> TASK OBJECTIVE:
I'd ask you to write out the lines below exactly, with no images.

> INFORMATION PROVIDED:
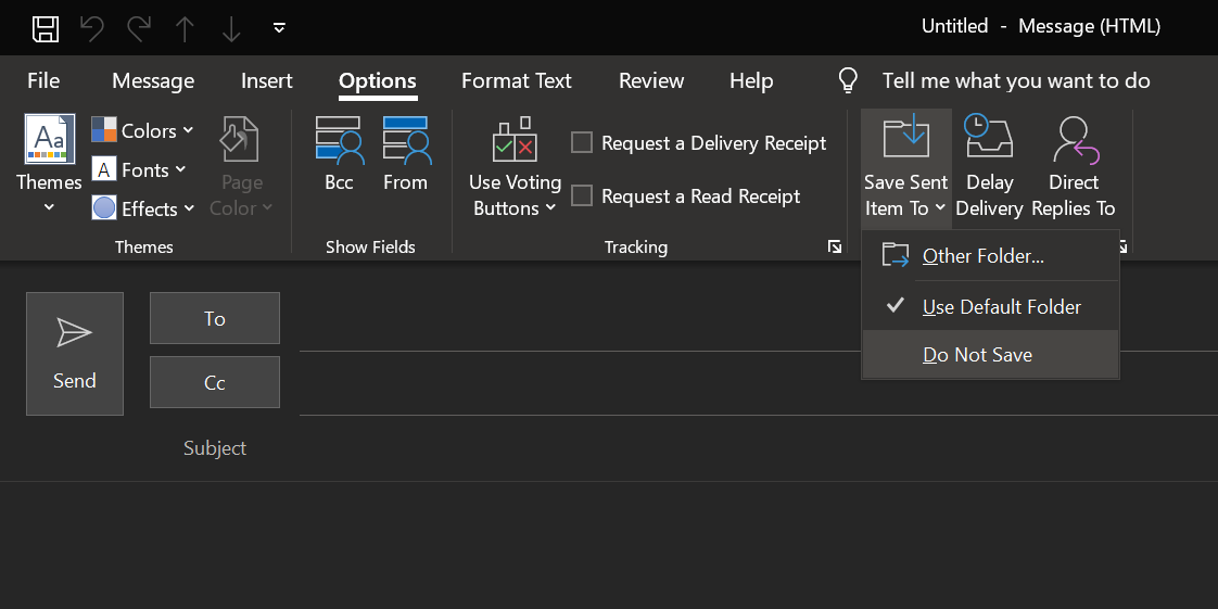 You can prevent sent emails from storing in your inbox per-email. This way, you can choose the emails that you want to use this feature on. Here’s how to stop Outlook from saving your specific sent emails:
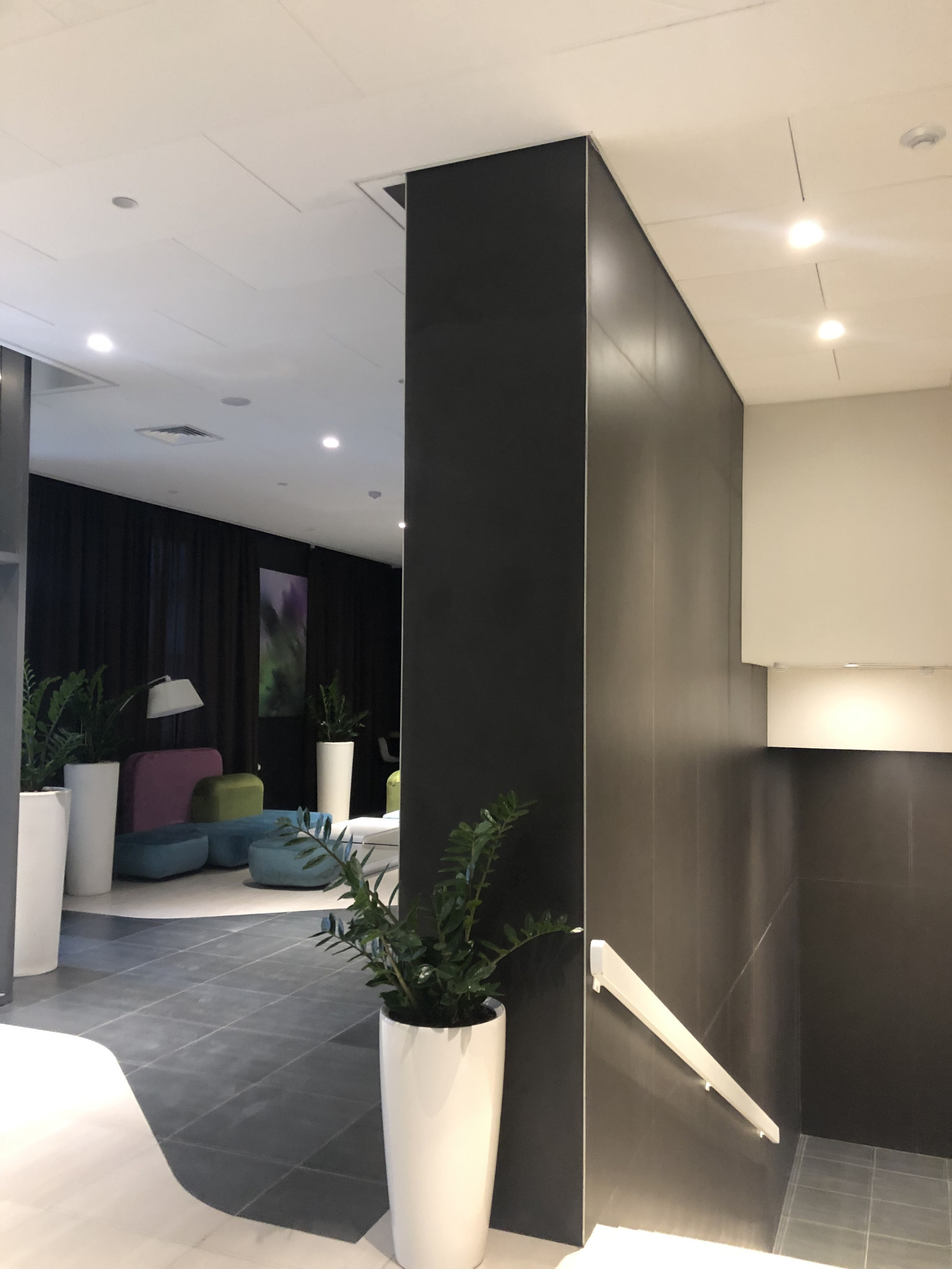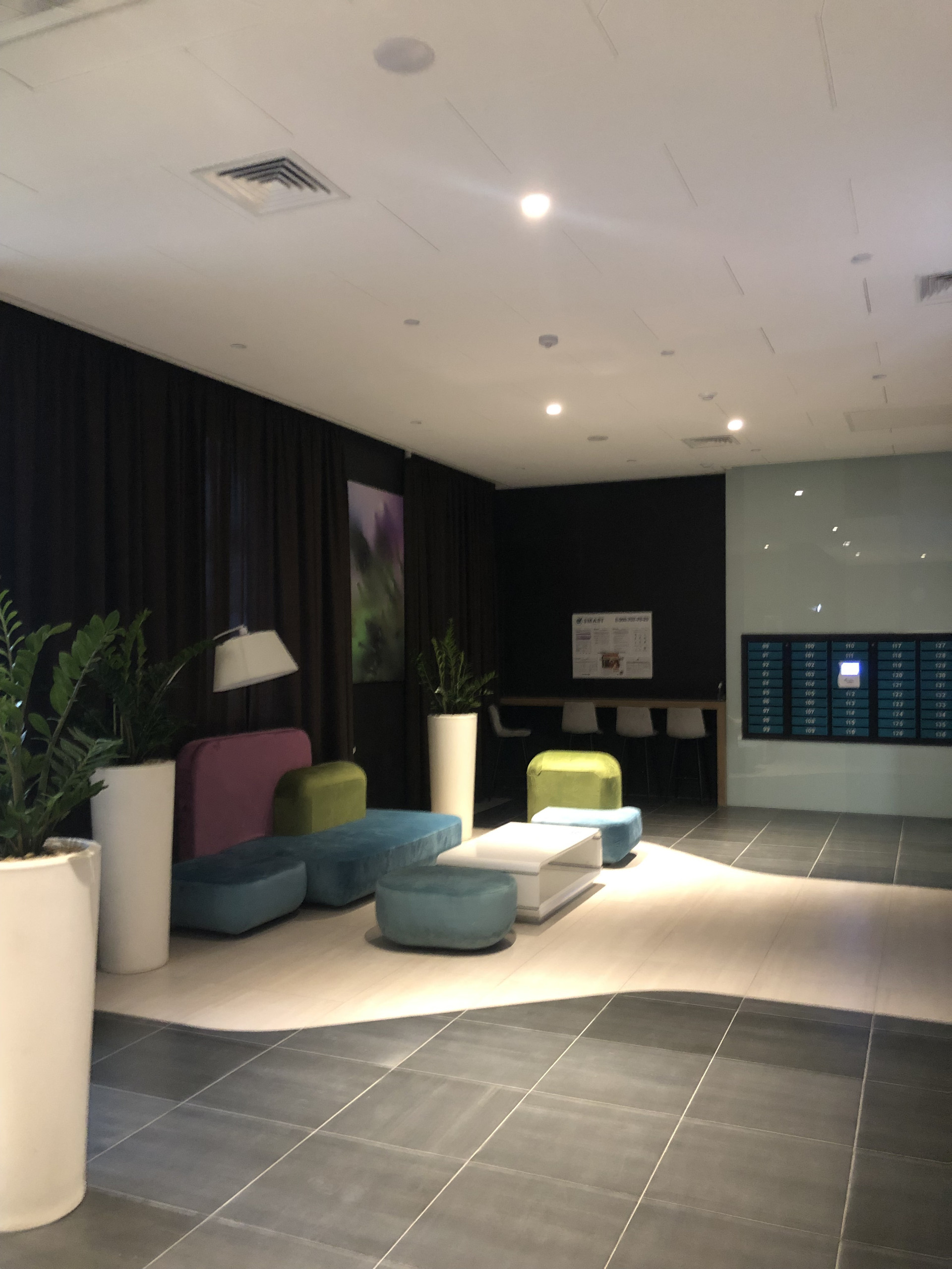 Просторные входные группы с высотой потолков до 5 м. Красивый холл с дизайнерской отделкой, стойка ресепшен и мини-гостиная для отдыха и переговоров(лобби)Охрана 24/7 и видеонаблюдение. Общедомовая приточная вент
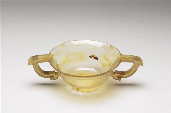 瑪瑙質,侈口斂腹,有圈足,器壁透亮並略帶淡黃色斑,兩耳略近丁字形,全器光素無紋。

> EXPECTED ANSWER:
 You can prevent sent emails from storing in your inbox per-email. This way, you can choose the emails that you want to use this feature on. Here’s how to stop Outlook from saving your specific sent emails:
 Просторные входные группы с высотой потолков до 5 м. Красивый холл с дизайнерской отделкой, стойка ресепшен и мини-гостиная для отдыха и переговоров(лобби)Охрана 24/7 и видеонаблюдение. Общедомовая приточная вент
 瑪瑙質,侈口斂腹,有圈足,器壁透亮並略帶淡黃色斑,兩耳略近丁字形,全器光素無紋。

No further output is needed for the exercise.